Originally Posted by *MegBoz* 
"Pain-free"? No. That is simply impossible! They won't admit you into the hospital as a patient in labor until you are having ctrx, so those first few ctrx may be painful. So, it's not realistic to expect to never feel any pain!

First I agree that the question is faulty...

Second in response to what I highlighted above... considering that you can find care providers who will do elective inductions or cesareans before the start of labour and you can get an epidural placed before the induction gets started having a painfree birth (assuming the epidural works) is possible for both vaginal and cesarean births... in theory at least (like I said, assuming it works).

Do I think people have the right to pain medication if they ask for it. Yes. A thousand times yes. I don't think it's wrong or that women who choose it are in any way weaker than those who don't.

I think women need to be able to be the ultimate decision makers in childbirth. From UC to elective cesarean, the whole range should be open for them to choose from.

FWIW that is coming from a student midwife, and two time homebirth planning, UC comfortable, hospital birther because of twice being induced. The first time with an epidural after a dysfunctional labour and threatened cesarean (I wanted neither a cesarean OR the epidural I got instead) and the second time unmedicated with the exception of pitocin turned up past the maximum dosage. The second time noone could believe I didn't get an epidural. I had every reason to. And I didn't want it, and I didn't get it, and I'm glad.

But I don't judge anyone who chooses differently in that situation. When I hear people say that you "can't" birth without an epidural when you have pitocin I understand why even though for me it wasn't true...


----------



## triscuitsmom (Jan 11, 2007)

Quote:

~Quoted removed
Who decides it's a necessity? Seriously? This is a totally offensive thought to me. Who decides when that epidural or that c-section or that homebirth is necessary... necessary for the woman either physically or mentally. ALL of them should be options, and none should be taken away because someone else has decided it's not a necessity without knowing the facts of the situation. Because you can't possibly know the facts of the situation for each individual woman. You just can't.

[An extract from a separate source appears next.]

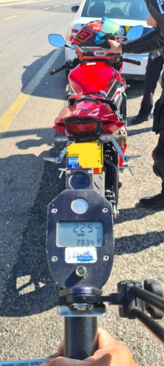 במסגרת פעילות אכיפה בכביש 1 סמוך למצפה יריחו, נמדד במכמונת מהירות אופנוע שנהגו נסע במהירות של 225 קמ"ש, בקטע כביש בו המהירות המותרת הינה 90 קמ"ש.

ETA: I live in Canada. So personal cost to me is the same whether I have a UC or whether I have an emergency cesarean under general anesthesia after labouring in the hospital for two days and getting pitocin and multiple types of pain medication. I understand that isn't the case in the US. But that doesn't mean that those who can't afford something they need while they are birthing shouldn't have access to it. Understanding it's the reality doesn't IMO make it right.

Quote:


Originally Posted by *blessedwithboys* 
i think the babies right to be born under the best possible circumstances trumps the mothers "right" to not feel pain.

And again who decides this? I am extremely pro natural birth, pro homebirth even... but I cannot say with any certainty that it is the right choice for any woman but myself. She knows that. And when I say I support both NCB and hombirth it's because I have read the studies. I know that on paper it is statistically "better" for both Mom and baby. But it is NOT better for baby to have Mom still recovering from trauma either physical or mental months after the birth that could have been prevented if people had just listened to her to begin with. It's just not.


----------



## Hannah32 (Dec 23, 2009)

Quote:


Originally Posted by *blessedwithboys* 
i think the babies right to be born under the best possible circumstances trumps the mothers "right" to not feel pain.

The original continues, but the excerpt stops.